苟无忧摇头道:“半鬼不适合连《肆意诀》,肆意诀讲究的是肆意妄为,随心所欲。谢半鬼心有挂碍练不了。不过,我可以保证,让他出去之后给你找一个合适的传人。”
“也对!《肆意诀》传人可遇不可求,看来是我想多了。”老疯子朝谢半鬼招了招手道:“小子,你别看我现在还混在人堆里,其实早就死了,要不是有蛊毒棺椁的巫法撑着,只怕连骨头渣子都剩不下。这个呵呵……不过死前总算帮过你对吧?你以后要是娶了媳妇,能不能让一个孩子跟我姓?”
老疯子不等谢半鬼答应就着急道:“我不是跟你谈条件啊!我是说,要是没法替《肆意诀》找到传人的情况下,再这么做。要是能找到,让我徒弟过继个孙子给我就行了。”
谢半鬼点头道:“我答应你!”
老疯子笑道手舞足蹈:“你动作可要快点,老人家可还等着看徒孙哪!小徒孙一定像我……”
“我呸!”苟无忧啐了一口骂道:“像你,还不成了一窝疯子……”他骂声不绝,眼中却充满了憧憬。此刻他已不再是巫师,而是一个期望着亲情,憧憬着天伦之乐的老人。

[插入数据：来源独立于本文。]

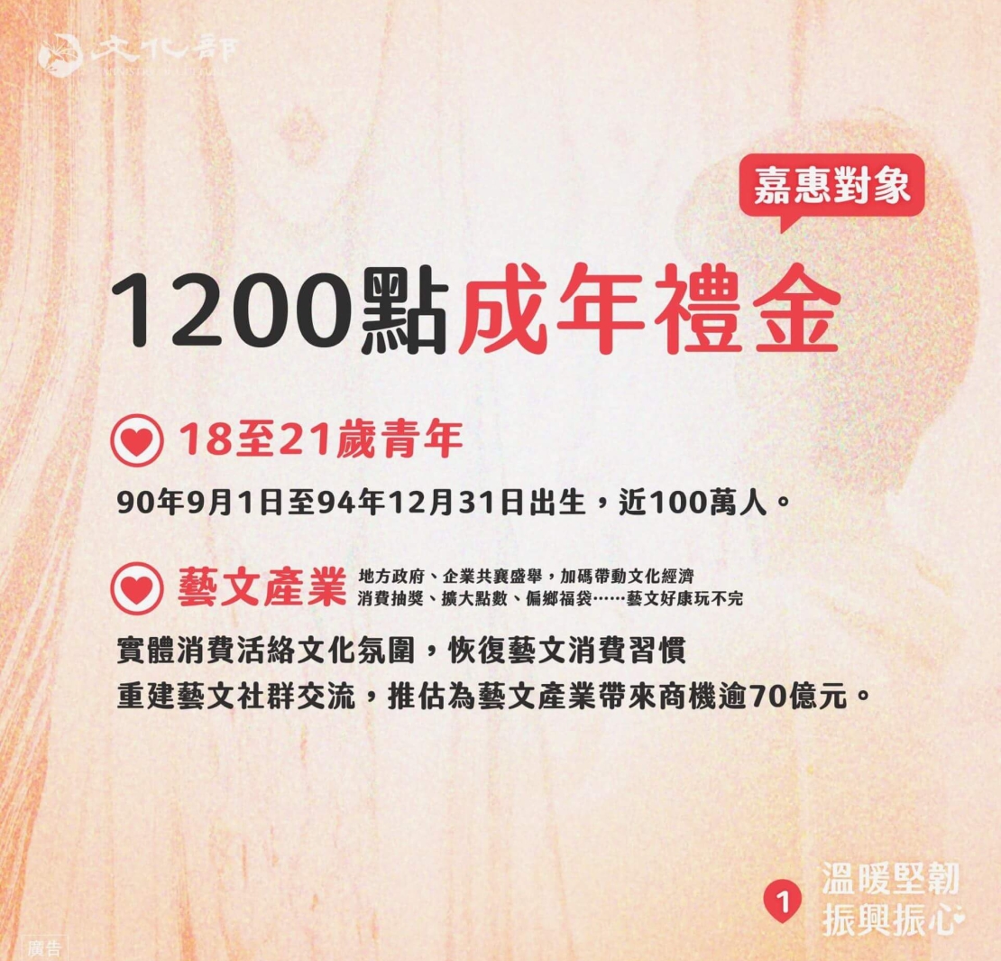 行政院特地為這項政策製作圖卡,標示18歲至21歲的公民(2001年9月1日至2005年12月31日之間出生)每人將可領取1200點(視同1200元)的文化禮金,消費標的述明了五大類:看展覽、看演出、買書、看國片、買文創或工藝品。

老疯头憧憬了半晌才道:“苟无忧,你能保证塔里的人都不反抗,乖乖听你指挥么?”
“这个由不得他们。”苟无忧面色发黄的道:“半鬼,你现在悄悄潜出去,找些低阶妖怪杀。出手一定要隐秘,等你的身体一恢复好就马上回来。不要在外面多做逗留,明白了么?”
“明白了!”谢半鬼踏出门外的脚跟还没有站稳,就听见铁塔被掌气,拳风震得“叮咣”乱响,方圆数十丈内的水汽向塔中疯狂聚集,没过多久黑色冰晶雪花顺铁塔窗棂飘洒而出。
“苟叔对塔里的人动手了。”谢半鬼也不动声色的向荒冢间的阴凉处走去。在他看来,与其自己去辛辛苦苦的寻找妖怪,不如让对方来寻找自己。
果然,倏的一阵爪趾划地的“沙沙”怪响,伴着令人作呕的腥风自身侧传来。谢半鬼余光斜睨之间,立时双眸圆睁,牙齿咬得咯咯作响。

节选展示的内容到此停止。